Economic meltdowns are hardly impossible in Argentina. The country has gone through a total unravelling before — at the end of 2001, it had five different presidents in two weeks when it defaulted on $US132 billion of debt it could not pay.
So the question at hand right now is whether or not the economy is at that point again.
According to Federico Zaldua, a bond trader at Argentine fund, SP, we’re not at 2001 yet. But the year ahead promises pain for the entire country.
“Best case scenario — let the peso float freely after salaries renegotiation end and fix ASAP the inflation statistics in order to get international credit at a fair price,” said Zaldua, who manages $US50 million worth of Argentinean government bonds. “Worst case scenario: Inflation up up and up, USD up up and up, nasty recession followed by elections.”
Last week Argentina devalued its currency more than it has in 12 years, and the peso plunged 15%. Prices skyrocketed chaotically as the government placed the official official peso to dollar rate at 8 to 1, while the black market rate hit 13 pesos to the dollar.
“I would expect very choppy bond yields during the next few weeks,” said Zaldua. “Argentina already yields a lot for a country with a very low net debt to GDP ratio. The Government has opened a window to access the dollar but this window will not be very wide at least at 8 pesos per USD. We shall face an unstable market for a prolonged period of time. There is a sense the government does not have a clear plan.”
The plan, according to Zaldua, should include measures to deregulate and normalize the country’s currency market, negotiate with Argentina’s creditors — like The Paris Club, with whom country entered into negotiations to pay off its $US6.5 billion debt earlier this month — and curb inflation.

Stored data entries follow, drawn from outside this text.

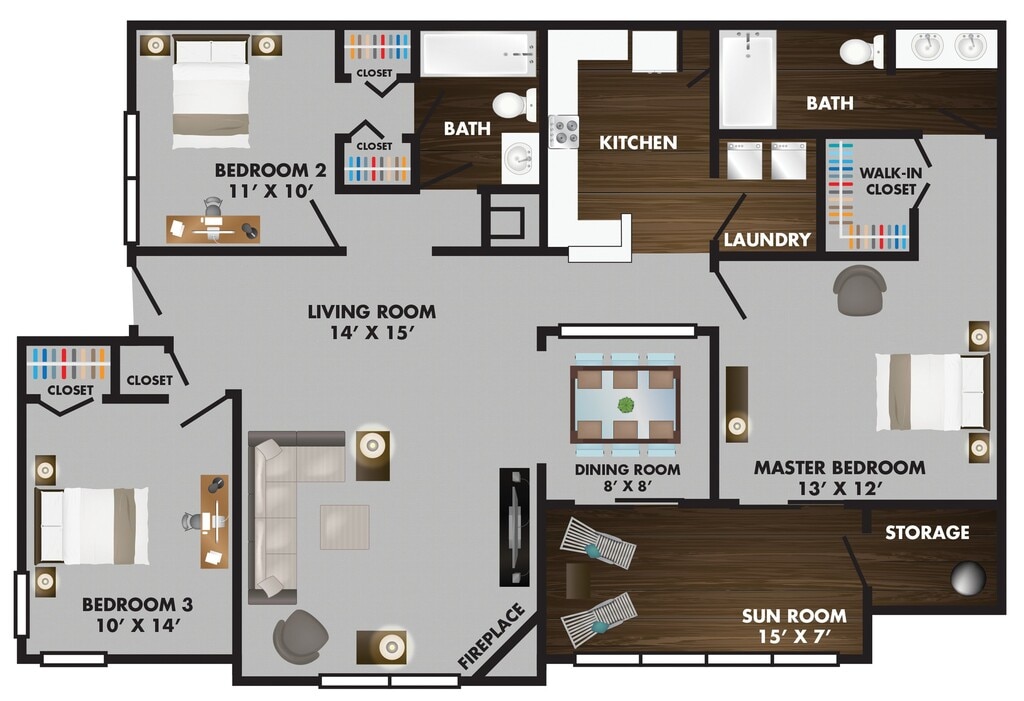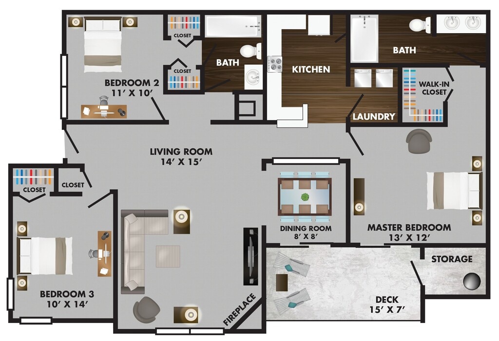 Price Availability Date Unit Sq Ft Deposit View Details $1,064 February 11, 2026 15-3211L 770 $500 $1,055 March 28, 2026 15-3211G 770 $500 $1,138 April 4, 2026 06-3212C 770 $500 Model Amenities and Features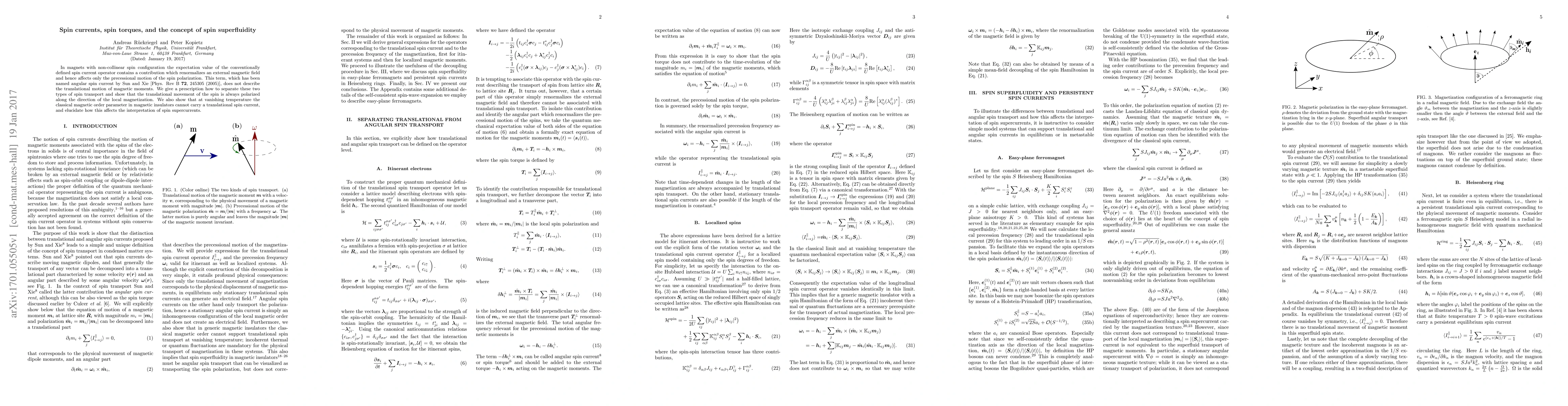 In magnets with non-collinear spin configuration the expectation value of the conventionally defined spin current operator contains a contribution which renormalizes an external magnetic field and hence affects only the precessional motion of the spin polarization. This term, which has been named angular spin current by Sun and Xie [Phys. Rev B 72, 245305 (2005)], does not describe the translational motion of magnetic moments. We give a prescription how to separate these two types of spin transport and show that the translational movement of the spin is always polarized along the direction of the local magnetization. We also show that at vanishing temperature the classical magnetic order parameter in magnetic insulators cannot carry a translational spin current, and elucidate how this affects the interpretation of spin supercurrents.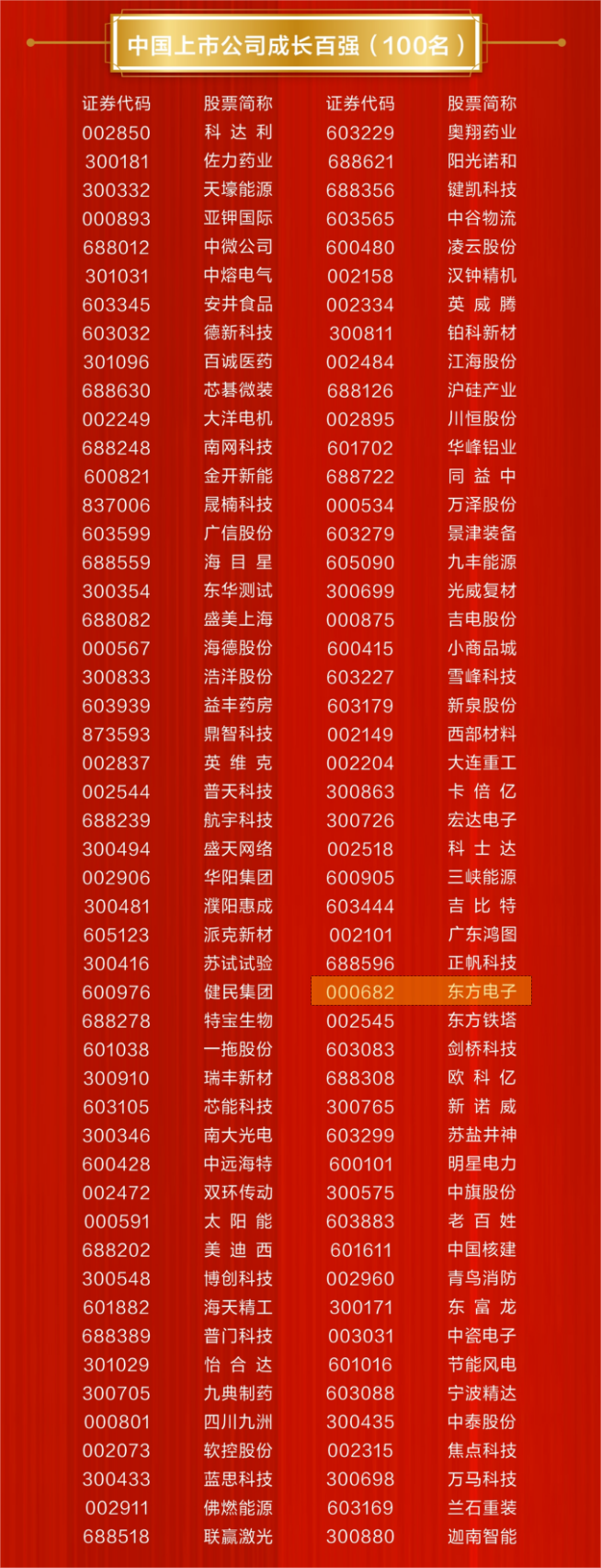 11月28日,在第17届中国上市公司价值评选活动中,东方电子股份有限公司(证券简称:东方电子,证券编码:000682)荣获“中国上市公司成长百强”奖项,该奖项是对公司多年来致力于创新推动发展所取得成就的充分肯定。

“They know they need access to international capital markets and they know they have to do something. But their agenda does not look very clear,” he said. “They will end up deregulating the currency market somewhat and approaching the Paris Club, Repsol (I expect a solution to this problem soon) and the IMF but they are afraid of inflation (salaries are being renegotiated soon) so I wouldn’t expect a free currency market in the short term. Status quo is not an option any longer.”

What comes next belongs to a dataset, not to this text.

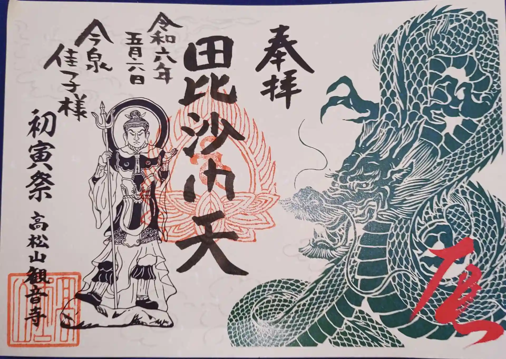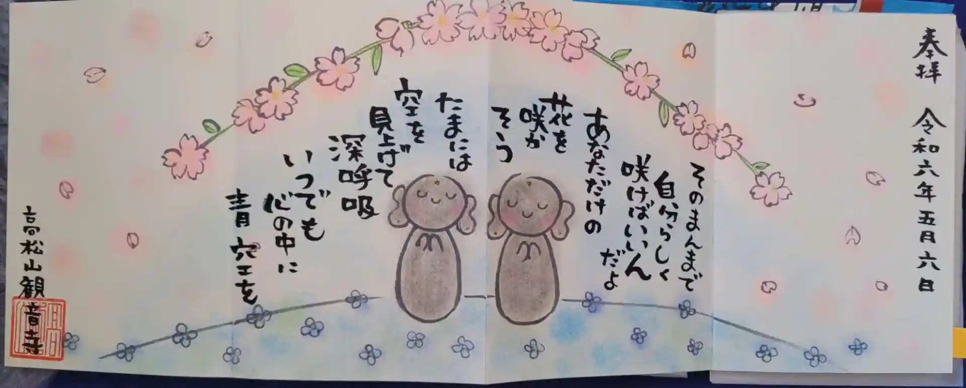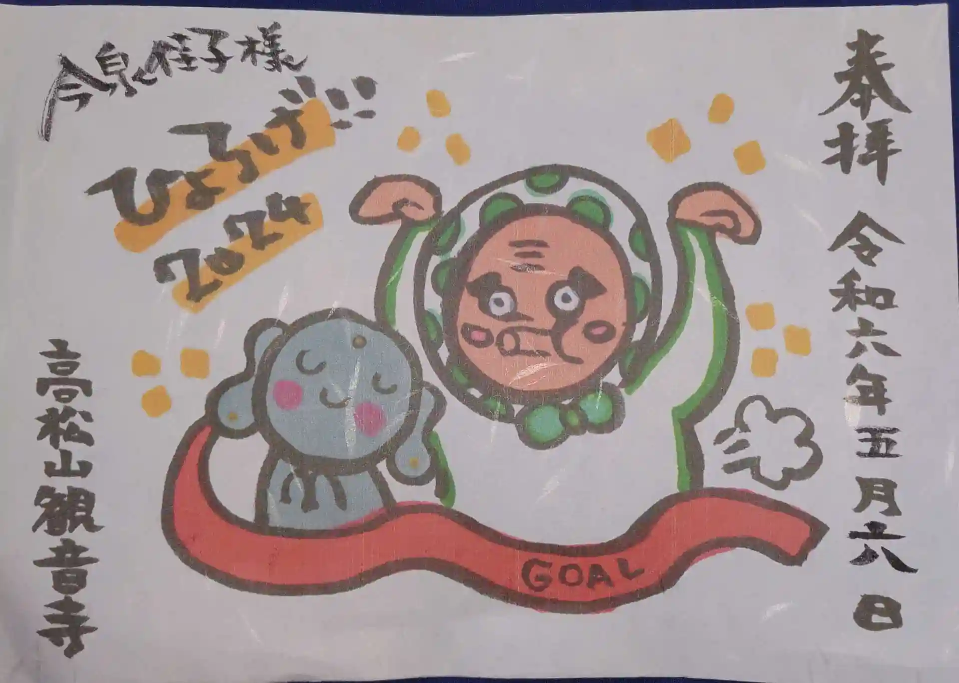 2/20(火)初寅祭には体調が悪かったり3/24(日)西田町の第三回ひょっとこロゲイニンクでは高松山観音寺さんも特別書き置きの御朱印があったと後から知って、欲しかったのですが、本日は二体を拝受することが出来て、本当に感激😲とても明るくて素敵な寺嫁さん、Instagramのフォロアーさんと触れ合ってお互いにフォローしましたよ。ご連絡して本日5/18(土)御朱印帳等を拝受しました。

On the currency market front, measures to ease restrictions on dollar-buying announced on Monday are hardly a revolution.

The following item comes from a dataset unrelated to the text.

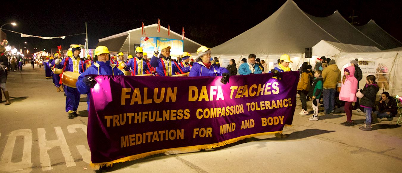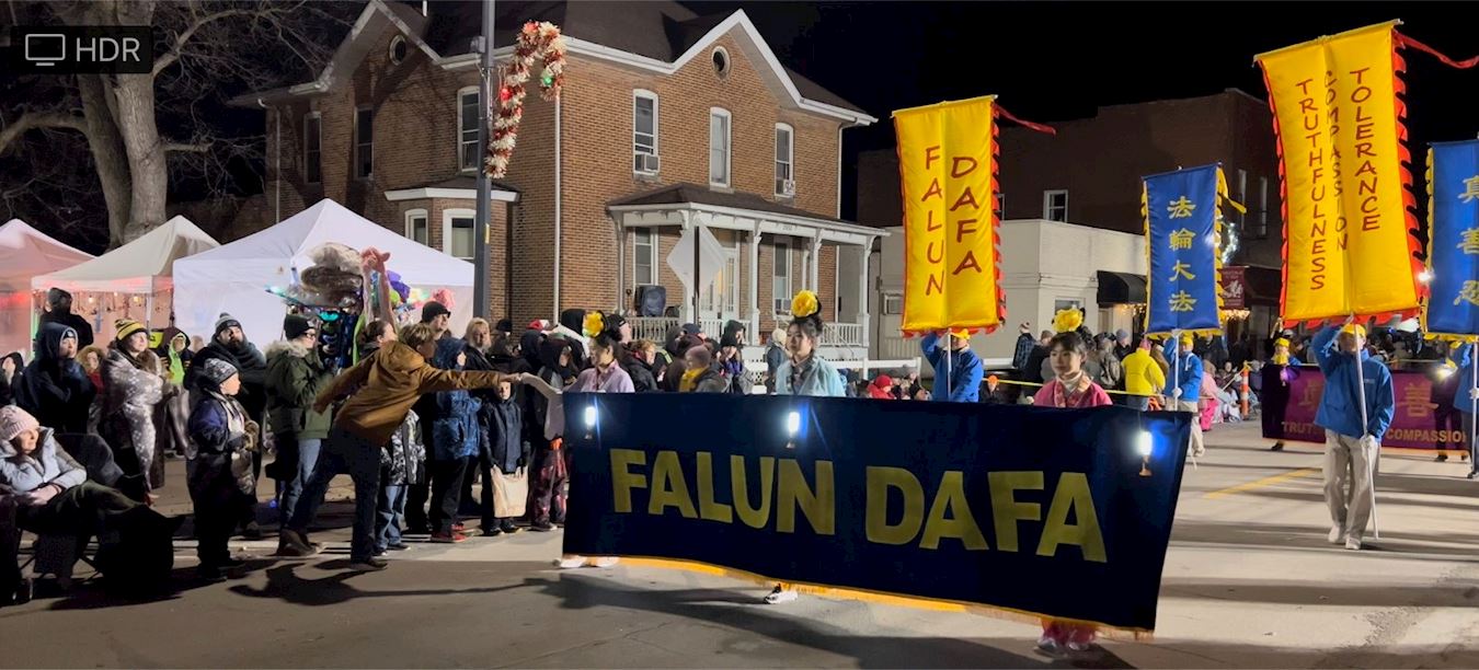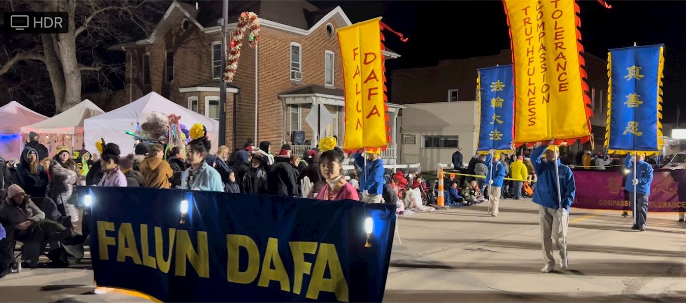 大约一百二十个灯光游行方阵参加了本次游行,来自各具特色的团体展现了自己独特的灯光设计。作为唯一一个华人组成的方阵,密西根州当地法轮功学员们,和来自加拿大温莎市,俄亥俄州的特莱多市的学员们,为本次灯光游行带来了旗阵、整齐响亮的唐鼓阵,法船设计的灯光花车,以及“法轮大法教授真、善、忍”、“法轮大法好”、“世界需要真善忍”等中英文横幅。

It used to be that Argentines could only apply to buy dollars if they were leaving the country for vacation, and even then the government would determine how much they could get.
Now Argentines making $US900 a month or more can buy dollars, but the amount they can buy is tied to their salary. Either way, the maximum amount is $US2,000.
Moreover, unless they want to pay 20% tax, Argentines have to keep those dollars in the bank for a year — they can’t touch that money. This is meant to keep capital from leaving the country, as Argentina’s Central Bank had about $US30 billion in foreign currency reserves at the end of 2013.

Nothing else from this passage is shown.